After 10 months of flight in space, NASA‘s DART probe – the world’s first demonstration of planetary defense technology – successfully hit its target, the asteroid Dimorphos.
The flight control center at the Johns Hopkins Applied Physics Laboratory (APL) in Laurel, Maryland, announced the successful collision at 7:14 p.m. ET (02:14 a.m. Kyiv time).
Did you catch the #DARTMission stream live or Didymos it? Impact is over, but the research continues. As scientists delve into data and telescopes release images of the asteroid from their POV, follow @AsteroidWatch and @NASASolarSystem for updates. https://t.co/ZNEYDQVA8Y pic.twitter.com/dn2veS6zbG
— NASA (@NASA) September 27, 2022
As part of NASA’s overall planetary defense strategy, DART’s encounter with asteroid Dimorphos demonstrates a viable technique for protecting the planet from an approaching Earth asteroid or comet, should one be detected.
“At its core, DART represents an unprecedented success for planetary defense, but it is also a mission of unity with a real benefit for all humanity,” said NASA Administrator Bill Nelson. “As NASA studies the cosmos and our home planet, we’re also working to protect that home, and this international collaboration turned science fiction into science fact, demonstrating one way to protect Earth.”

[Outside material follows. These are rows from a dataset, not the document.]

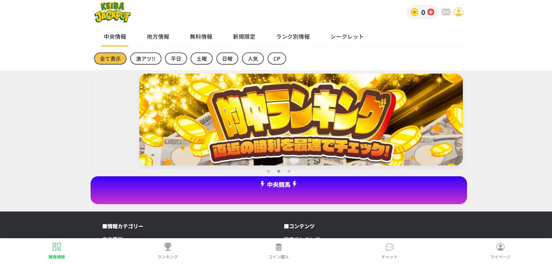 こちらが【競馬ジャックポット競馬JACK POT)】のトップページになります。
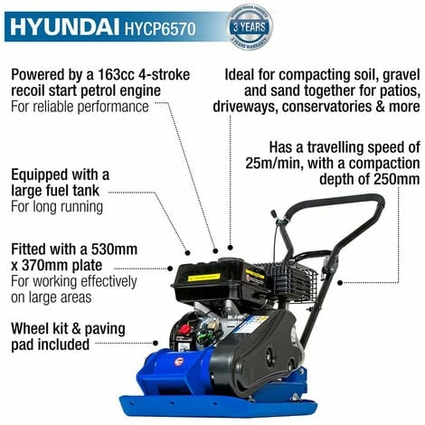 - 1 x Hyundai HYCP6570 163cc Petrol Compactor / Wacker Plate
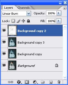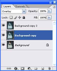 Most tedd láthatóvá az eredeti hátteret attal, hogy a mellette lévő szemre kattintasz. És a layerek Blending módját állítsd át az itt látható módon:
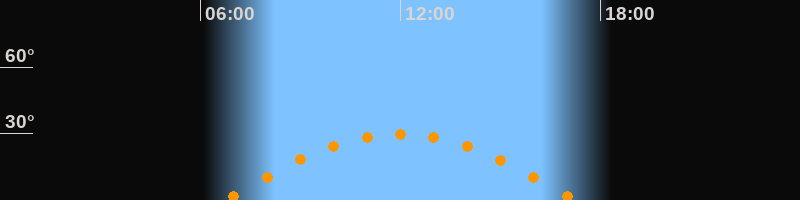 | Höchster Stand (Kulmination) | 11:59 Uhr (h = 29,7°) |
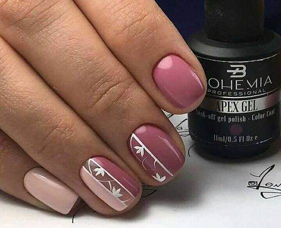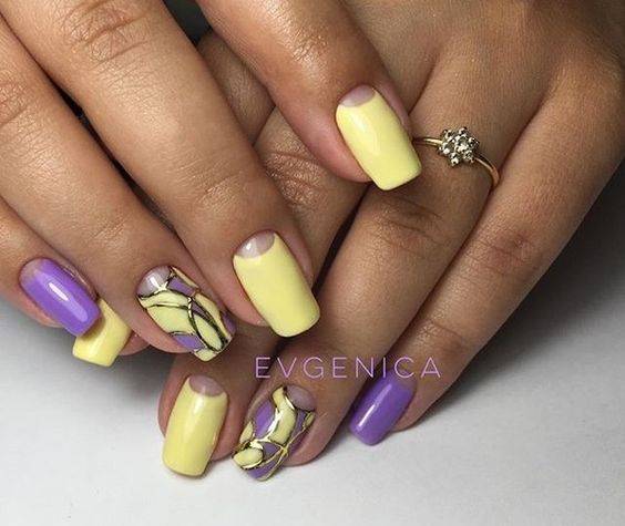 При создании дизайна обратите внимание, что в качестве основы следует выбирать самый светлый оттенок гель-лака. Отличным вариантом станет подложка лимонного цвета. Сверху ногти покрывают серым, оранжевым и розовым гель-лаком
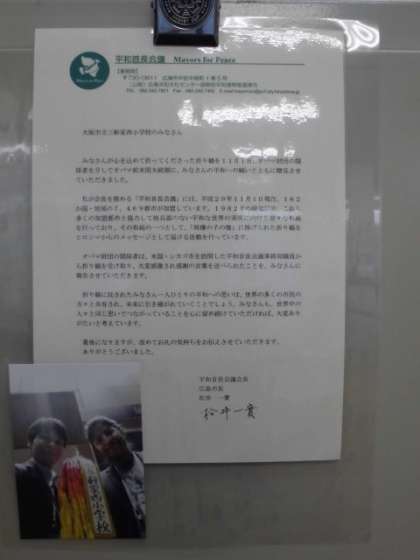 これは、広島市長さんが会長を務められている「平和首長会議」の取組の一つで、「原爆の子の像」に捧げられた折り鶴をヒロシマからのメッセージとして世界へ届ける活動をされているそうです。そして、11月1日に本校の子どもたちの祈りがこもった千羽鶴が、シカゴでオバマ財団の関係者の方に手渡されたそうです!!

DART targeted the asteroid moon Dimorphos, a small body only 168 meters in diameter that orbits a larger (780 meters) asteroid called Didymos. None of the asteroids posed a threat to Earth.
The mission confirmed that NASA could successfully guide the spacecraft to deliberately collide with an asteroid to deflect it using a technique known as kinetic collision.
The research team will now observe Dimorphos with ground-based telescopes to confirm that the DART impact changed the asteroid’s orbit around Didymos. Researchers expect the impact to shorten Dimorphos’ orbit by about 1%, or about 10 minutes. Accurately measuring how much the asteroid has deflected is one of the main goals of the test.
“Planetary Defense is a globally unifying effort that affects everyone living on Earth,” said Thomas Zurbuchen, associate administrator for the Science Mission Directorate at NASA Headquarters in Washington. “Now we know we can aim a spacecraft with the precision needed to impact even a small body in space. Just a small change in its speed is all we need to make a significant difference in the path an asteroid travels.”
The spacecraft’s single instrument, the Didymos Reconnaissance and Asteroid Camera for Optical navigation (DRACO), along with a sophisticated guidance, navigation, and control system that works in tandem with Small Body Real-Time Autonomous Navigation (SMART Nav) algorithms, enabled DART to identify and distinguish these two asteroids, targeting the smaller one.
These systems guided the 570-kilogram spacecraft through the final 90,000 kilometers of space toward Dimorphos, deliberately crashing into it at about 22,530 kilometers per hour to slightly slow the asteroid’s orbital speed. DRACO’s final images, taken seconds before impact, showed the surface of Dimorphos in close-up detail.
Fifteen days before the collision, DART, the Italian Lightweight CubeSat for Asteroid Imaging (LICIACube), provided by the Italian Space Agency, broke away from the spacecraft and took pictures of the collision of DART and the cloud of ejected material created by the impact of the asteroid. Together with the images obtained by DRACO, the LICIACube images should provide insight into the impact of the impact, helping researchers to better assess the effectiveness of the kinetic impact to deflect the asteroid. Since LICIACube does not have a large antenna, the images will be beamed back to Earth one after the other over the coming weeks.
In about four years, the European Space Agency’s Hera project will carry out detailed studies of Dimorphos and Didymos, paying particular attention to the crater left by the impact with DART and precisely measuring the mass of Dimorphos.